Since I was a candidate for James Goldsmith’s Referendum Party in 1997, it is a general election that I remember well. My 2,511 votes may have been 14,356 short of winning the seat but they brought me closer than any other Referendum Party candidate to achieving success. Crucially, for the constituency, it was enough, along with a few hundred UKIP votes, to remove the sitting Europhile Tory MP.
So, where are we today in Hastings and Rye? Rudd has stepped down and the Conservative candidate, Sally-Ann Hart, has quite a battle on her hands. It so happens that the Labour council in Hastings is an exception to Labour’s rule of misrule. They have been running local affairs with an element of competence.
Sally-Ann Hart can still be optimistic. The fishing community in Hastings understands how much it has been betrayed by our membership of the EU. Furthermore, there will not be a Brexit Party candidate to diminish the Tory vote.
Hastings, though, has changed much in recent years. Pockets of real deprivation remain but the old town has been gentrified with escapees from London, in particular, having a noticeable presence. It is positively trendy in parts.
The trendiness has a downside for the Conservatives. A rather unattractive political face of Extinction Rebellion is showing itself in the constituency. The Hastings Observer has reported that the Tory candidate turned down an invitation to an Extinction Rebellion election debate. Her agent was concerned for her safety.
It takes some courage, these days, to participate in the democratic process.
Current MP: Martin Whitfield (Labour)
Gary Oliver writes: This large constituency combines former mining communities near Edinburgh with more genteel and affluent towns and villages.
East Lothian was one of six Scottish constituencies which in 2017 Labour wrested back from the SNP, gaining 36 per cent of the vote and a majority of just over 3,000.
The first campaign leaflet through my letterbox read: ‘Re-elect Martin Whitfield’. This saved me having to check the name of the sitting Labour MP, who since his election has failed to cross my radar.
Whitfield assures voters that ‘he will never be a cheerleader for Brexit or independence’; otherwise, his priorities are local issues. Sensibly, he avoids mention of Jeremy Corbyn.
Attempting a political comeback for the Nationalists is Kenny MacAskill, fondly remembered in Libya as the Holyrood justice secretary who in 2009 approved the compassionate release of Abdelbaset al-Megrahi, the convicted Lockerbie bomber.
In 2017 the Conservatives received almost 30 per cent of the votes and came only 3,500 behind the Labour winner.
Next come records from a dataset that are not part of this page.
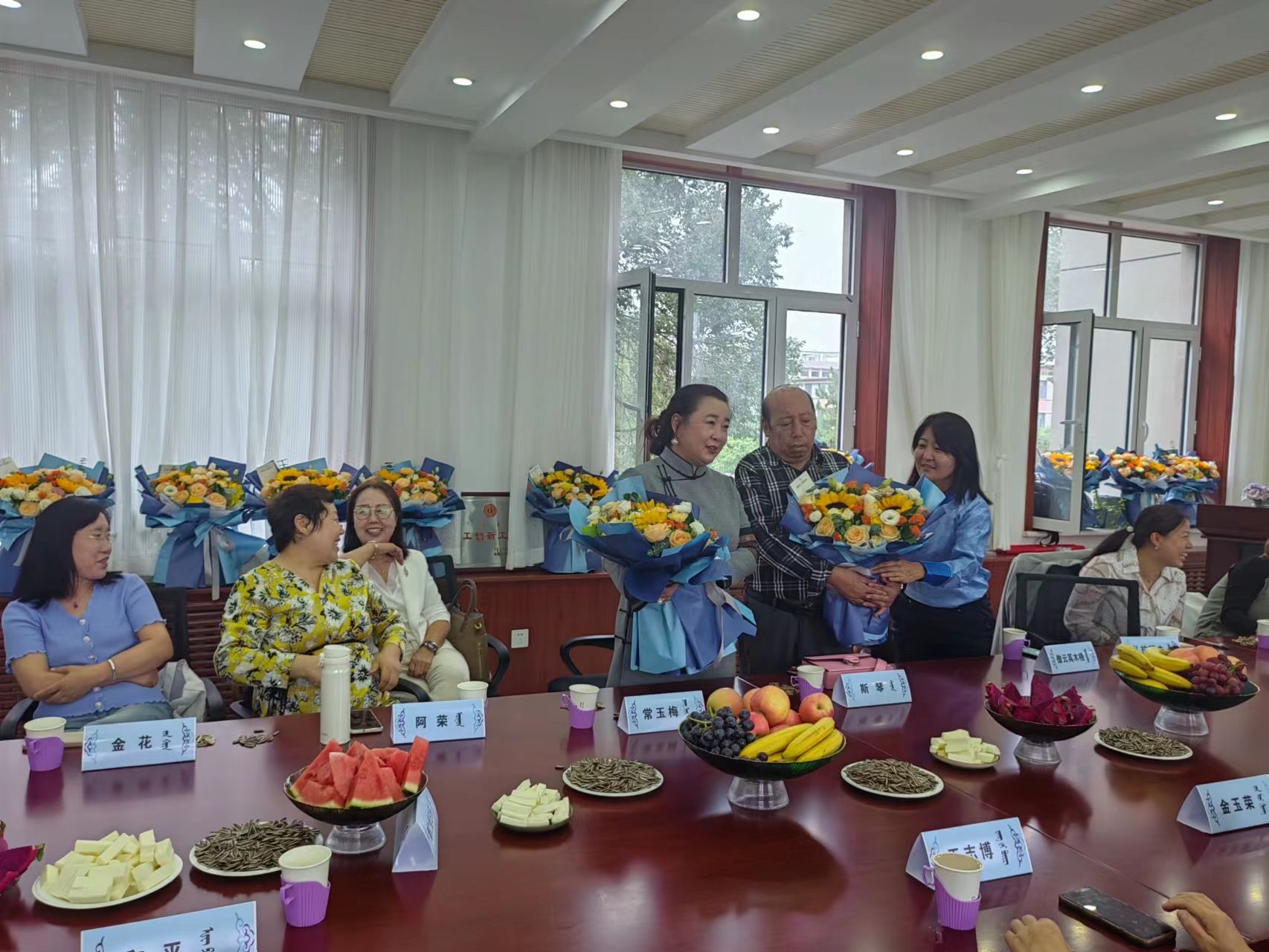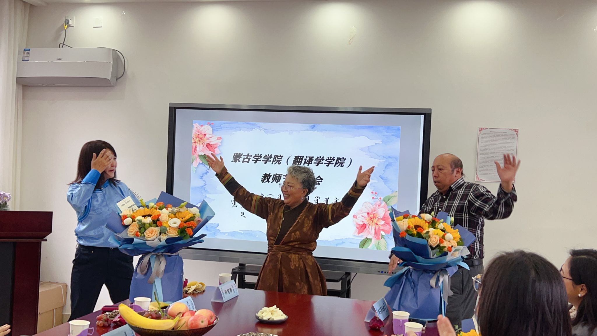蒙古学学院(翻译学学院、翻译研究中心)开展庆祝第39个教师节活动 2023-09-07 关心下一代委员会 次 今年是我国第39个教师节,也是党的二十大胜利召开后的第一个教师节。值此之际,为了营造尊师重教的良好氛围,激发全院教职工的奋进热情,让全院教职工感受到成就感、荣誉感、幸福感,积极投身教育强国建设实践,在蒙古学学院(翻译学学院、翻译研究中心)工会的精心组织与准备下,以茶话会的方式庆祝了这个意义非凡的节日。 茶话会开始,蒙古学学院(翻译学学院、翻译研究中心)各位教师互相送上节日的祝福,由老师们表演了自编的精彩节目,在欢声笑语和节日的鲜花中米乐官网全体教师欢度了第39个教师节。
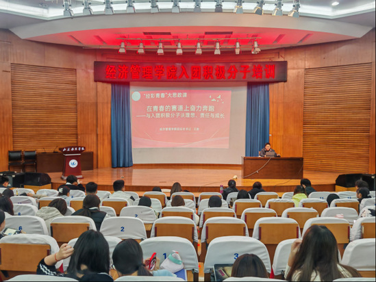 为进一步筑牢青年学子理想信念根基,引导入团积极分子端正入团动机,11月15-16日,经济管理学院在明德报告厅开展了2025年下半年入团积极分子培训。学院300余名入团积极分子及优秀团员代表参加了培训。
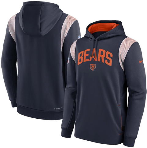シカゴ ベアーズ ナイキ ’22 サイドライン アスレティック スタック プルオーバー サーマフィット パーカー(紺)/ Chicago Bears
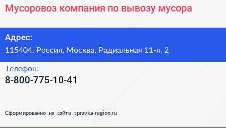Мусоровоз, компания по вывозу мусора по адресу 115404, Россия, Москва, Радиальная 11-я, 2 в дальнейшем Организация, размещена в следующих категориях:
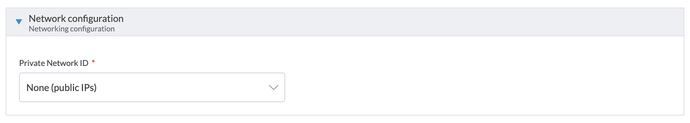 For the Network Configuration, in the Private Network ID field, select an existing OVHcloud Public Cloud private network or choose None if you want to create a cluster with nodes using only public interfaces.
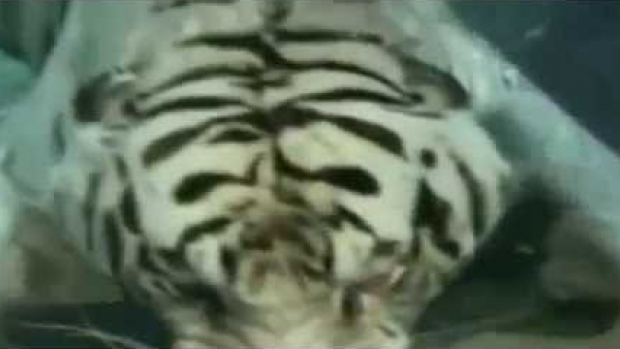 Współpraca tygrysów w celu wyjęcia młodego z...
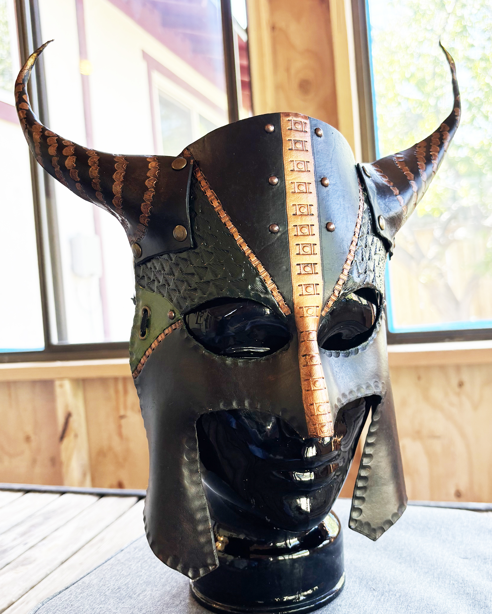 "Forest Guardian" is hand-tooled and painted leather mask in the viking style. Brass fixture, and studs hold the pieces together. Mask is cut from vegetable-tanned leather. One size fits most, flexible, adjustable, discreet elastic strap. All my work is one of a kind, hand-formed and tooled, no two masks will ever be the same. *shipped with extra elastic

That marked improvement was due largely to former leader Ruth Davidson: at the last election she headed an effective pro-Union campaign against another independence referendum. Under caretaker Jackson Carlaw MSP, the Scottish Tories are rudderless.
The 2017 result deceptively hints at a three-way marginal. However, the recognisable MacAskill will almost certainly reclaim East Lothian for the SNP, probably by a comfortable margin.
Scottish Labour is tanking: support is reported to have fallen to 16 per cent. Incumbent Martin Whitfield should exceed that pitiful poll; nonetheless, if the Labour’s national slump is as forecast, he might even struggle to finish ahead of the Conservative candidate Craig Hoy, a councillor in the county.
As in both 2015 and 2017, the Liberal Democrat is likely to forfeit his deposit. It will take even less time to count the vote for UKIP. Sadly, there is no Brexit Party candidate. Mercifully, no one is standing for the Scottish Greens.
Finally, diversity auditors will be appalled that East Lothian is a contest between five middle-aged white men. How long before this is outlawed?